Childhood Suicide

Spin the clock – the unplanned joy - and
hope and plans can only cover the daylight
hours. You don't know where you'll land – teenage
years of rape and hatred – but that's not true now.
You don't know where you'll land - perhaps a baptism of fire;
the childhood days struggling to speak. Adult years pass
at the bottom of a bottle, it's far from perfect but it's a living.

I see love, I see sex, I see moonlight hours waning as you
wait for life to pause. The clock-face is killing me – tick and
tick – a new eccentricity and a new city. Heartache and tambourines
mark the passage of adulthood, we're waiting on life to work out. I remember
a childhood in anxiety; six years old with suicide on the mind – but sixteen
years down and I'm sorry. Twenty-four with wasted love and swollen ribcages;
I can see love and an indentured relationship.

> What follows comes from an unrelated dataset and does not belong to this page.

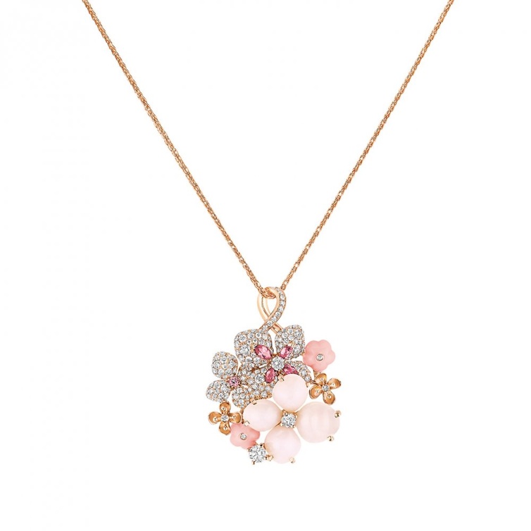 بعذوبة أنثوية لافتة وأناقة رومانسية تلائم عيد الحب قدمت علامة شوميه سلسلة Chaumet Hortensia بشكل باقة من الزهور الرقيقة تتألق بفخامة الذهب الوردي والماس والياقوت الوردي والأوبال الوردي.

A bundle of hopes and dreams; a child in pride and expectations – a
lifetime plan of success and happiness must be in tatters now. But with
bulimia down the drain and depression up in flames, you'd have thought
problems would dissipate. But now I see that you understand how life
turns, and there's no point fighting apathy. And suicide – in all appeals -
alleviates all of the problems of life. I'd like to see to you ignore this point of
concern – the clock will spin again.